Dec. 5, 2022 – Police who arrived at an address where an erratic driver was reported to have gone but waited to gather information before entering the property were not engaged in hot pursuit and their warrantless search was illegal, the Wisconsin Supreme Court has unanimously ruled.
In State v. Wilson, 2022 WI 77 (Nov. 23, 2022) the supreme court also held that the police did not conduct a valid “knock-and-talk” investigation.
A witness called the South Milwaukee Police Department on Jan. 16, 2017, and reported that a grey BMW was driving erratically.
The witness gave the address where the BMW had parked and said the driver was wearing a black hat and orange shoes. The witness also said that the driver had come out of the vehicle, reached over a fence to open the fence, and walked into the backyard.
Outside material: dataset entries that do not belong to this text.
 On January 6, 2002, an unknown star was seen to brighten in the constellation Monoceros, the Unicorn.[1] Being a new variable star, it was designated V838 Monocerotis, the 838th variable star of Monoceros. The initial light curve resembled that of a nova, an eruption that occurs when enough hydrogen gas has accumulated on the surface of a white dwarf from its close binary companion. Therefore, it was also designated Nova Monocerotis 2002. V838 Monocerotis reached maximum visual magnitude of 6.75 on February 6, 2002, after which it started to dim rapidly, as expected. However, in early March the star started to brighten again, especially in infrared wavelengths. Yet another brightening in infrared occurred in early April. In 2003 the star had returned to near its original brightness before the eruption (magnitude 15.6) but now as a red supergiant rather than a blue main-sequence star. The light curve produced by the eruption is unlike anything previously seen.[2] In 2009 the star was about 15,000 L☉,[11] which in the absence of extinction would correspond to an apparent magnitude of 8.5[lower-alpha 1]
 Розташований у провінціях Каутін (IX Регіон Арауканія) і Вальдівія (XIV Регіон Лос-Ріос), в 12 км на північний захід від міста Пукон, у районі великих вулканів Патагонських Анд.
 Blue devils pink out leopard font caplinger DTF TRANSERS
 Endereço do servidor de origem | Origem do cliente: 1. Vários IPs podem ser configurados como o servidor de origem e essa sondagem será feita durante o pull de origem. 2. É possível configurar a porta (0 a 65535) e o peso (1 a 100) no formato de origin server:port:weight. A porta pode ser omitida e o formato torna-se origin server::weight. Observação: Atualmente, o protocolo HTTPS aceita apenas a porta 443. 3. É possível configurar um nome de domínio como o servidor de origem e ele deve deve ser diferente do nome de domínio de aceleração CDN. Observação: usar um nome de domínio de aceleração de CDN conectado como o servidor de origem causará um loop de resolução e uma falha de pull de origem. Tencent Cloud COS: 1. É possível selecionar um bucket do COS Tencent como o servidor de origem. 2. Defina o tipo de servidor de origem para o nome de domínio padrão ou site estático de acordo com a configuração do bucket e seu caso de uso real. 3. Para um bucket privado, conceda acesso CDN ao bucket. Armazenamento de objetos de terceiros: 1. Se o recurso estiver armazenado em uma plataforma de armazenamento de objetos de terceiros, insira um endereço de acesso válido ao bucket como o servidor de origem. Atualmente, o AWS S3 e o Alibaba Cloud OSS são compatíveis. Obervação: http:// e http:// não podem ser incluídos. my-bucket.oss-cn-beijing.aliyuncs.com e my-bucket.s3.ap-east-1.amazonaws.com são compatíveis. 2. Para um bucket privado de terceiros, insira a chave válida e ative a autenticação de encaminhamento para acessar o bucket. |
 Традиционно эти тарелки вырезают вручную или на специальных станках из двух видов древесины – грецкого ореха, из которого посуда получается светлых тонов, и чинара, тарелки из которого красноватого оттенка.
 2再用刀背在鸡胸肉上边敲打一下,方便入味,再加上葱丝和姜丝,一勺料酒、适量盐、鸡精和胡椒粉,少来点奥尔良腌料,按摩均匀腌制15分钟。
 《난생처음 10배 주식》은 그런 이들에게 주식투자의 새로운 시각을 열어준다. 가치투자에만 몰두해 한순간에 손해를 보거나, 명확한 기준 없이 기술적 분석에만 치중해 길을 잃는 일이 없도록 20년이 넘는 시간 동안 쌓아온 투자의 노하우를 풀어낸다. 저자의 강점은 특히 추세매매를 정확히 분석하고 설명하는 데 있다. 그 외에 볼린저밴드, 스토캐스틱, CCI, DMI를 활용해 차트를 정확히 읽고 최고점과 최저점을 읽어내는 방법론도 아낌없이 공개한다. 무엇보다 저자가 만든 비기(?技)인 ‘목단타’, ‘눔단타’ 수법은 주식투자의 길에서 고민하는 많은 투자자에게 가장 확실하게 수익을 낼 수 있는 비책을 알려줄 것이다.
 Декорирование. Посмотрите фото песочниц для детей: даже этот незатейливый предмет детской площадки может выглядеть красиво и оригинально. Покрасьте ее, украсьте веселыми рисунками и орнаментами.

Officer Nathan Seifert drove to the address provided by the witness. Siefert saw a silver BMW parked in the back. The BMW was running and the tailgate was open.
When Siefert ran the BMW’s license plate, he learned that the BMW was not registered to the address where it was parked. Siefert then called the witness to confirm the details of what the witness had seen.
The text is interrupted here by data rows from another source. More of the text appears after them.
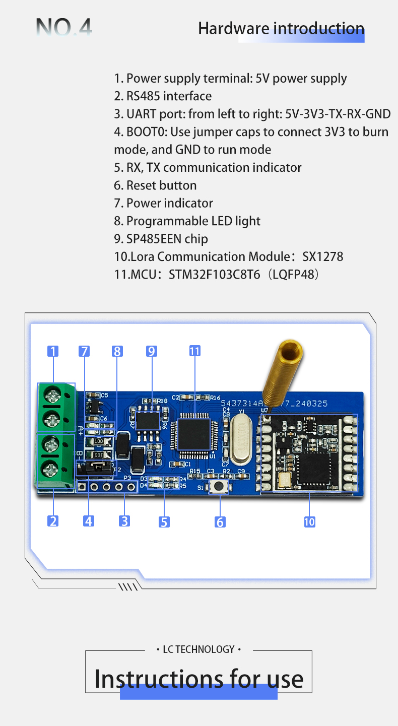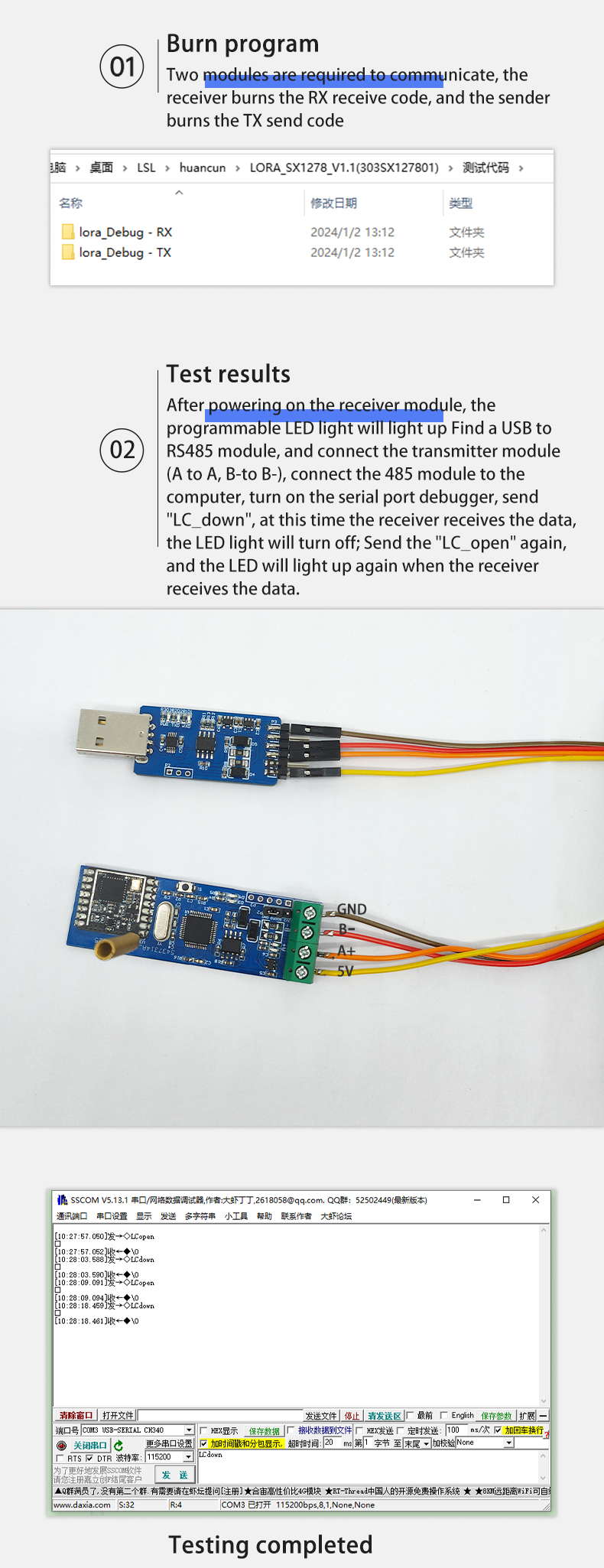 RS485 to LoRa Wireless Serial Communication Transceiver Modu
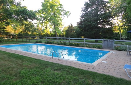 Located in Sagaponack, this home is ideal for an easygoing vacation with a swimming pool, tennis court and a large lawn for playing outdoor games. The South-facing deck has a grill and table for outdoor dining and overlooks the lawn. There is a light-filled open living room and dining area with high ceilings, and a separate kitchen. Two bedrooms are on the first floor. One has a queen bed and the other has twin beds. The third bedroom on the second floor has a queen bed. Each bedroom has its own bathroom. It is a quick 10-12 minute drive to Sagg Main Beach and Bridgehampton main street and a 15 minute drive to Sag Harbor and East Hampton. Poxabogue public golf course and driving range is a few minutes away. Our tennis court is hard surface (very usable and fun to have in your back yard, but well worn with a few cracks). A variety of children's and adults bikes are available in the basement. Please be sure to look carefully at the Amenities, Rooms, and Rule & Policies descriptions for more specific details. For bookings less than 30 days a mandatory Suffolk County tax of 5.5% will be charged. A minimum rental of 2 weeks is required during the summer and a minimum of a month off-season. IMPORTANT NOTE: Heat and electricity are additional for off-season renters per arrangement with owner. Utilities are included with summer rentals. For stays one month or longer, renters are expected to pay for our housekeeper to clean once a month..
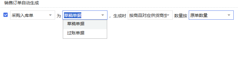 當(dāng)配置為“采購(gòu)入庫單”的時(shí)候還能決定是否生成為草稿或過賬單據(jù)。
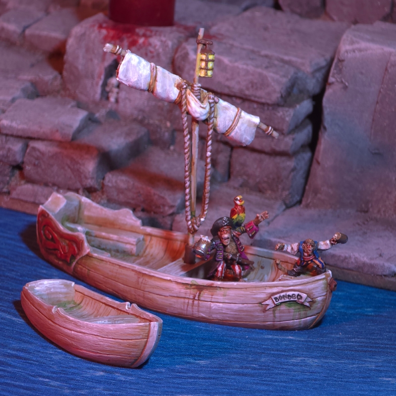 2 x resin figures and 2 jolly boats cast in high quality polyurethane resin. 28mm scale . Sculpted by Gary Morley. Supplied unpainted and unassembled. May vary slightly from images shown.

Siefert later testified that he thought he was dealing with a drunk driving or a burglary situation, because the BMW wasn’t registered to the address and was left running and had the tailgate open, and because the driver had climbed the fence.
Tall Wooden Fence
The backyard was surrounded and cut off from view by a tall fence made of solid wood. When Siefert and his partner arrived, the fence gate was open but a garbage can blocked the path through the gate.
Siefert and his partner walked through the gate after moving the garbage can. They walked into the backyard and knocked on the side door of the unattached garage.
Christopher Wilson answered the door. He was wearing a black cap and orange shoes.
Wilson spoke with slurred speech. Siefert walked with Wilson back to the BMW. When he got to the BMW, Siefert saw a handgun inside the vehicle.
When Siefert learned that Wilson’s driver’s license was expired, he arrested him. During a pat-down search, Siefert found a bottle of prescription pills in Wilson’s pocket; the prescription was not in Wilson’s name.
The Milwaukee County District Attorney charged Wilson with second offense operating while intoxicated (OWI), endangering safety by use of a dangerous weapon under the influence of an intoxicant, and possession of a prescription drug without a valid prescription.
Motion to Suppress
Wilson moved to suppress his statements, the gun, the prescription drugs, and the results of a chemical test that was later performed on his blood. He argued that Siefert and his partner violated the Fourth Amendment by entering the curtilage of his home without a warrant.
The Milwaukee County Circuit Court denied Wilson’s motion, ruling that the search was justified by exigent circumstances and thus excepted from the warrant requirement. Specifically, the circuit court ruled that the police acted in hot pursuit of a fleeing suspect.
Wilson pled guilty to the OWI and endangering safety counts.
Wilson appealed. The Wisconsin Court of Appeals affirmed the circuit court, holding that the Siefert and his partner had conducted a valid “knock-and-talk” investigation.
State of the Law
Justice Ann Walsh Bradley began her opinion by noting that the U.S. Supreme Court has held that a police officer may enter the curtilage of a suspect’s home without a warrant to conduct a knock-and-talk investigation.
A.W. Bradley explained that a knock-and-talk investigation is not a search, and its validity is premised upon the existence of an implicit license to enter curtilage granted to visitors or neighbors by homeowners under certain circumstances.
Justice A.W. Bradley also pointed out that Wisconsin law recognizes four exigent circumstances exceptions to the warrant requirement, including the hot pursuit of a suspect.
Not a Knock-and-Talk Investigation
Justice A.W. Bradley concluded, supported by a unanimous court, that the police did not have an implicit license to enter the curtilage of Wilson’s home.
U.S. Supreme Court precedent, Justice A.W. Bradley explained, has held that an implicit license to enter a homeowner’s curtilage exists to approach by the front path, promptly knock, wait briefly for an answer, then leave without lingering if there’s no answer.
Additionally, she pointed out, the U.S. Supreme Court has held that such a license may exist for an alternative approach to a house, depending on the facts of the case – for instance, a sign pointing to a backyard, or where the layout of the house gives rise to a reasonable belief that a back entrance is used as the principal entrance.
Given the circumstances, A.W. Bradley concluded that the police did not have an implicit license to enter Wilson’s backyard.
“It is hard to believe that a private citizen in the alley would consider Wilson’s fence, together with the garbage can impeding the opening in the fence, as an invitation to approach the side door of the unattached garage,” Justice A.W. Bradley wrote.
“If a private citizen does not have an implicit license to do this, neither does law enforcement.”
Not Hot Pursuit
A.W. Bradley also concluded that the hot pursuit exception to the warrant requirement did not apply to the police search of the curtilage to Wilson’s house, because their pursuit of Wilson was not immediate and continuous.
Justice A.W. Bradley pointed out that upon arriving at Wilson’s home, the officers waited while they obtained more information – they ran Wilson’s license plate and called the witness before entering the property.
“Although we do not know the exact amount of time it took the officers to check the vehicle registration and contact the [witness], the record does not support the proposition that the officers were acting in hot pursuit,” A.W. Bradley wrote.
The supreme court remanded the case to the circuit court.